I am back from the Memorial Ceremony for the Dark Horse Marines, and I don't really know how to explain how I feel. Obviously, the mind, heart and soul are unbelievably complex things. How else could a person feel overwhelming pride, a broken heart, and hope for the future... all at the same time?
First, the logistics of the ceremony. We gathered at the base theater, one of the only facilities large enough to accomodate the standing-room only audience. Family members were seated front and center, and the unit Marines, their friends and loved ones filled the remaining rows. On stage, there was a low wall with a framed picture of each of the fallen Marines.
The Colors were marched in, followed by the Invocation from the Chaplain. Then, as the Marine Hymn played, three squads of Marines marched in. In order, they presented a rifle, helmet and dog tags, and boots at each of the photographs. The Battalion Commander spoke, followed by each of the Company Commanders.
Throughout the service, my attention was drawn to these displays. The image of their rifles, helmets and boots is riveting. It is simple yet powerful, a statement of all that the Marine was in his finest moments. Yes, each Marine was an individual, with a life and hopes and dreams. But in this moment, he is honored for his accomplishment - being a United States Marine.

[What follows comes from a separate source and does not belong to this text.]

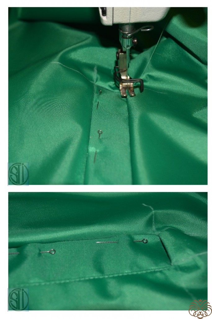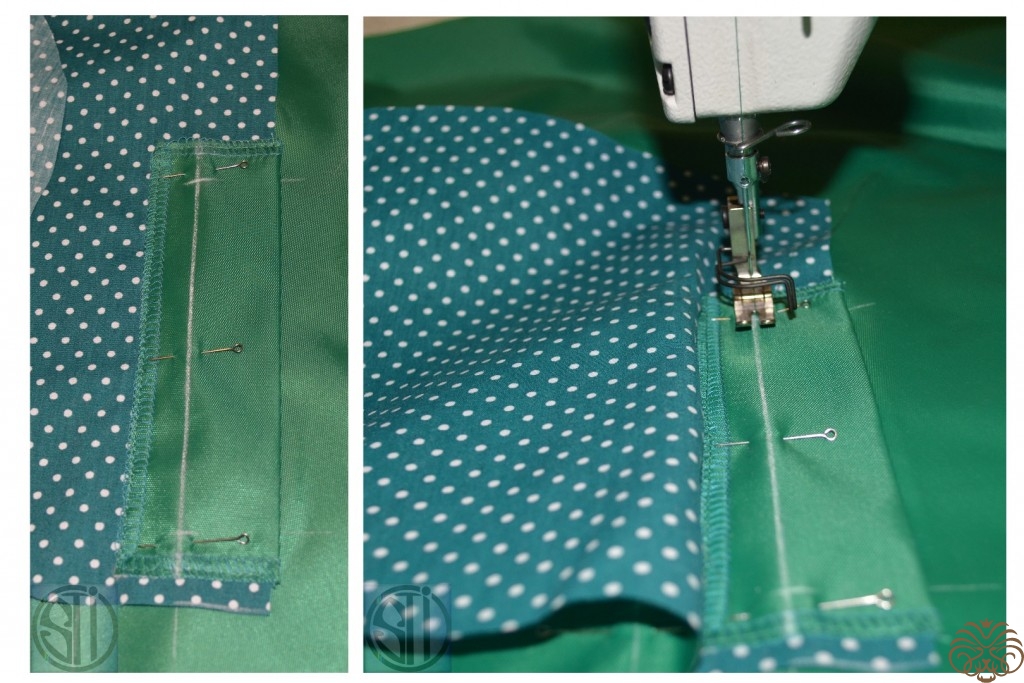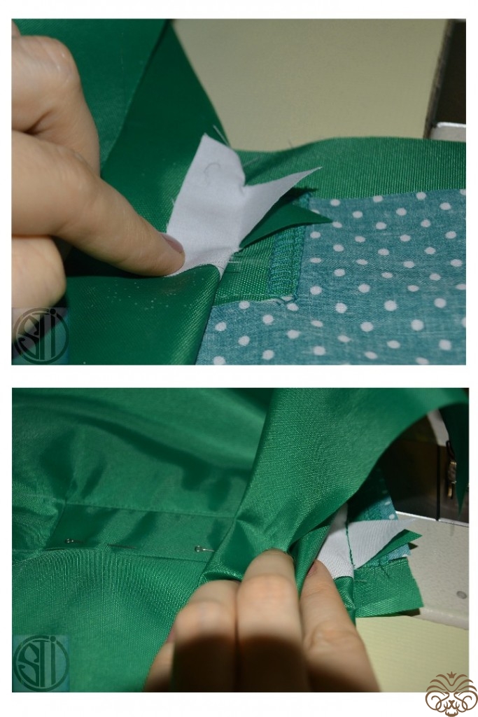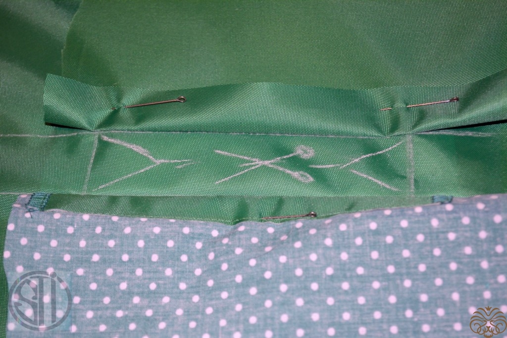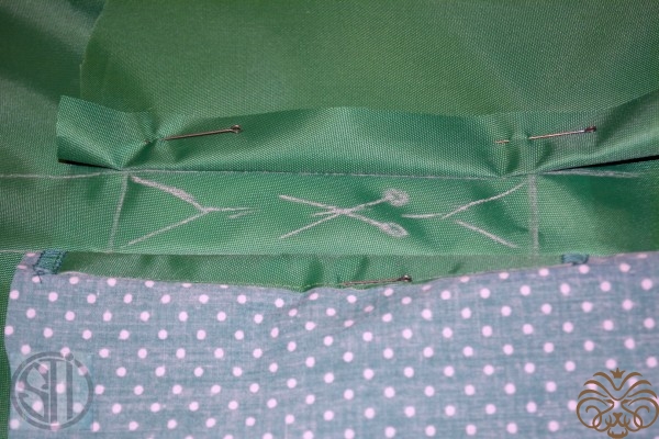 - приложить листочку с подкладкой на лицевую сторону изделия, совмещая "крестик" на листочки с "крестиком" на изделии на нижнюю линию входа в карман. Приметать или закрепить иголочками, чтобы избежать сдвига детали.

Amazing Grace was played by a Marine Bagpiper, followed by the Final Roll Call. The Sgt Major calls out the names of three or four Marines, who each answer "Here." He then begins to call the fallen. ""Corporal Smith?" Silence. ""Corporal Ross Smith?" "Corporal Ross A. Smith?" The last time his name is called, the sound of a bell rings out. The Marine is accounted for, present at the Final Roll Call. Finally, the service closes with Taps.
I struggled to maintain my military bearing during the service, but I was hardly a stone. The tears flowed during Final Roll Call, as the Sgt Major's voice echoed throughout the hall. He called out for them, but they were not to answer. And each name, repeated, was a reminder of another life lost.
I was not alone in my grief. Ric was by my side, struggling as well to hold himself together. All around us, Marines sat at a position of attention, seemingly oblivious to the tears that streamed down their own faces.
I sit here now proud of each of the Marines from Dark Horse 3/5. They continue to serve with honor and courage. I am also proud to be part of the 200+ year legagy that is the United States Marine Corps.
I am heartbroken by the loss, though, of these Marines and all the other service men and women fallen in combat. They truly gave all, and I grieve for them, their families and friends.
Finally, I am full of hope for the future. That may seem odd, after the events of this morning. But it was the sight of a hall full of Marines that reminds me how good we all are. Regardless of politics or religion or other social battles, the Marines I saw today stand side-by-side to answer any call, any challenge or assignment. They are the best of us, and they give me hope.